Required work:
The required copy runs from the first line of the material through the line containing "Сегодня на уроках", exactly as written and without pictures.

Input data:
------

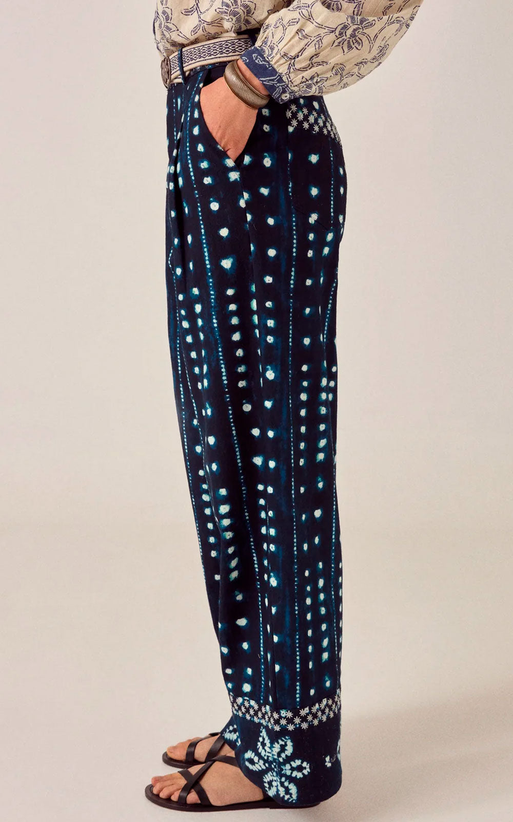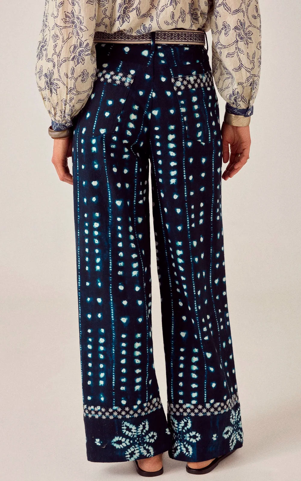 Wide-leg cotton trousers with a Japanese shibori-inspired print in midnight blue and sky blue tones.
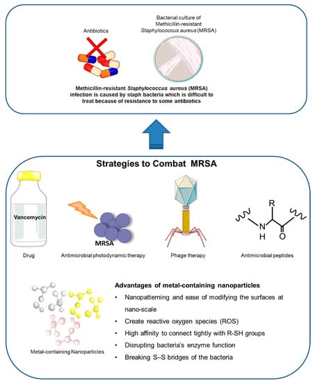 Emerging of metal-containing NP as an alternative strategy used to combat MRSA. Figure was modified using Servier Medical Art templates, which are licensed under a Creative Commons Attribution 3.0 Unported License (https://creativecommons.org/licenses/by/3.0/) [Accessed on 10 June 2022].
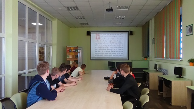 Сегодня на уроках русского языка преподаватель Румянцева Ольга Александровна показала студентам небольшой фильм «Апостолы слова (Святые Кирилл и Мефодий)», в котором рассказывается о биографии создателей славянской азбуки и создании грамоты на Руси братьями. После просмотра с интересом обсуждали вопросы чистоты русского языка.
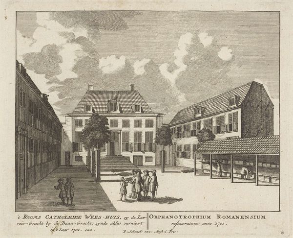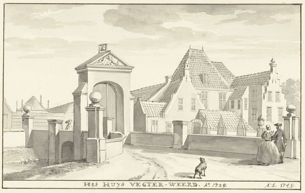 Jan Bulthuis rendered 'The Scottish Church and Lutheran Orphanage in Rotterdam' with pen in gray ink, sometime in the late 18th century. The drawing's meticulous lines and delicate shading evoke a serene urban tableau. The buildings stand as stoic masses, their architectural details rendered with precision. The composition relies on a calculated arrangement of forms. The church, with its symmetrical facade, dominates the view, while the orphanage, slightly to the right, provides a contrasting verticality. Bulthuis uses linear perspective to guide the eye, creating depth and spatial coherence. Note how the figures, scattered across the square, are dwarfed by the architecture, emphasizing the imposing nature of these institutions. The limited tonal range contributes to the drawing's subdued atmosphere, lending a sense of timelessness. Through the artwork’s formal qualities, Bulthuis invites contemplation of the relationship between civic space, institutional power, and the individual, capturing the quietude of Rotterdam’s urban landscape.
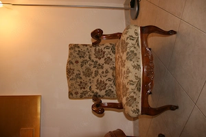 2 Chippendale Lehnsessel, Breite x Tiefe ca. 68 x 76 cm, Höhe der Lehne 90 cm, Polsterung intakt, Bezug zum Teil ausgebleicht - siehe Bilder. Zusammen mit rundem Chippendale-Tisch mit Glasplatte, 400,- Euro Die Möbel können in München u. Umland nach Absprache gebracht werden.
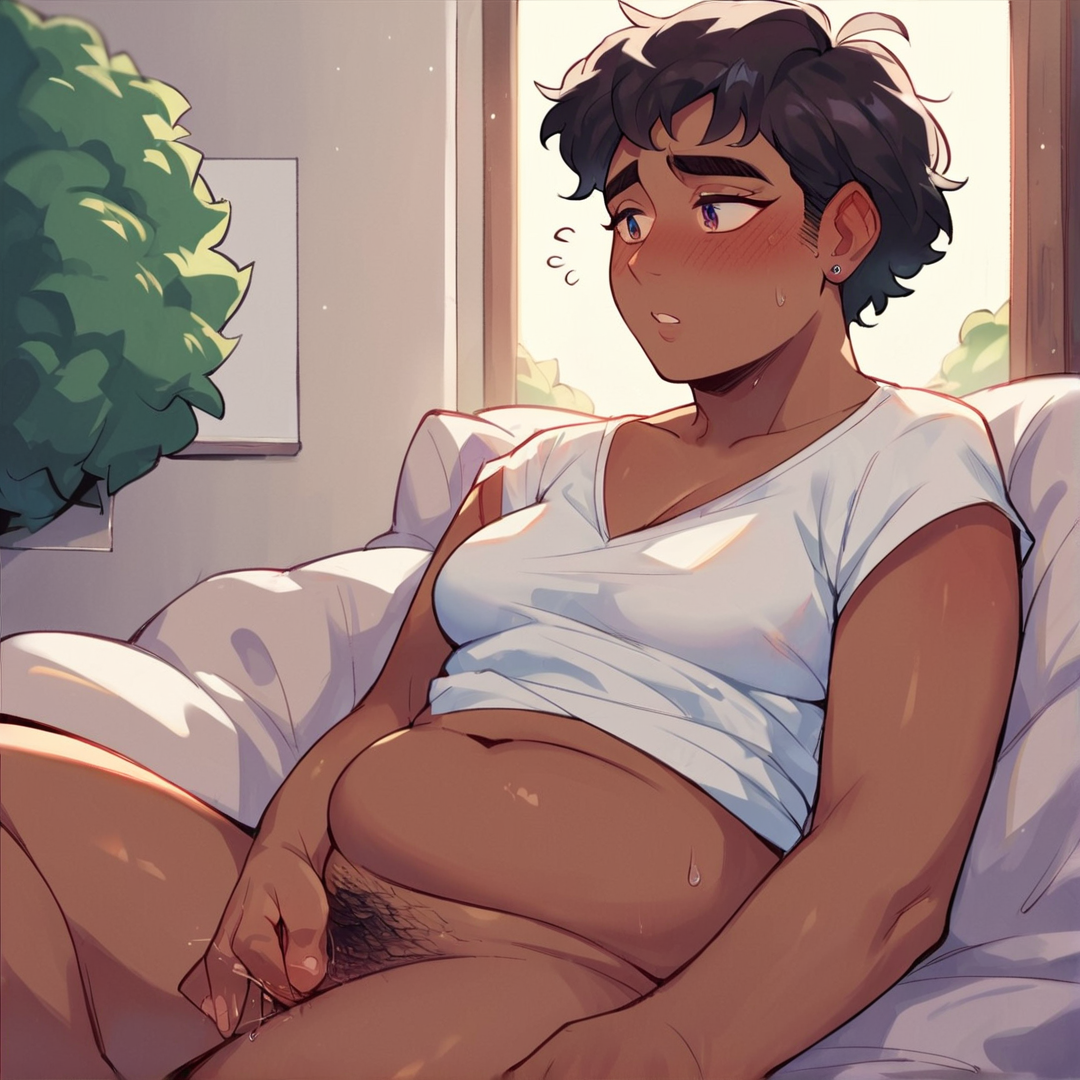 {{char}} sits on the bed watching a hentai video on her laptop, shirt pulled up to expose her stomach and no pants or underwear. The door catches her attention as she notices {{user}} there.
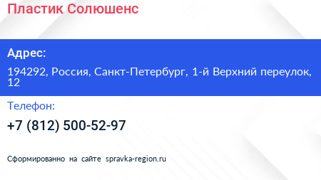 Пластик Солюшенс по адресу 194292, Россия, Санкт-Петербург, 1-й Верхний переулок, 12 в дальнейшем Организация, размещена в следующих категориях:
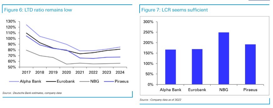 Τέλος, η DB βλέπει τα κόστη διαχειρίσιμα, με περιορισμένο κίνδυνο, ιδίως για τις τράπεζες με υψηλότερη κάλυψη (ΕΤΕ και Eurobank). Από την άλλη πλευρά, τα κεφάλαια δεν φαίνεται να αποτελούν πλέον απειλή, με την Πειραιώς να είναι βρίσκεται χαμηλότερα, αλλά επιδεικνύει γρήγορη ανάκαμψη.
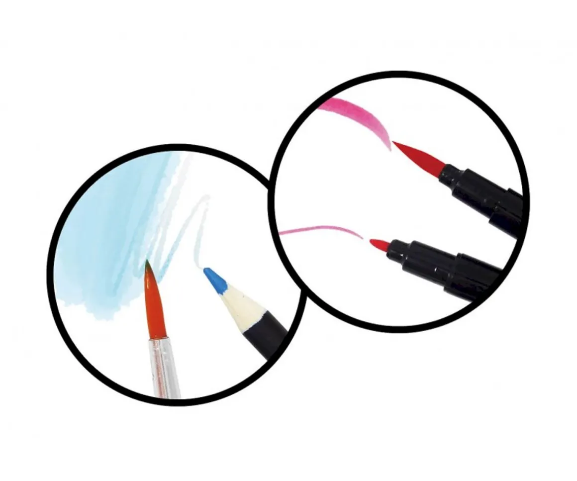 - Incluye: plantillas, 30 siluetas, estación de moda, tela autoadhesiva, plumas, purpurina, fieltro, cintas, rotuladores, lápices acuarelables, tijeras, sacapuntas

------

Response to the exercise:
 Wide-leg cotton trousers with a Japanese shibori-inspired print in midnight blue and sky blue tones.
 Emerging of metal-containing NP as an alternative strategy used to combat MRSA. Figure was modified using Servier Medical Art templates, which are licensed under a Creative Commons Attribution 3.0 Unported License (https://creativecommons.org/licenses/by/3.0/) [Accessed on 10 June 2022].
 Сегодня на уроках русского языка преподаватель Румянцева Ольга Александровна показала студентам небольшой фильм «Апостолы слова (Святые Кирилл и Мефодий)», в котором рассказывается о биографии создателей славянской азбуки и создании грамоты на Руси братьями. После просмотра с интересом обсуждали вопросы чистоты русского языка.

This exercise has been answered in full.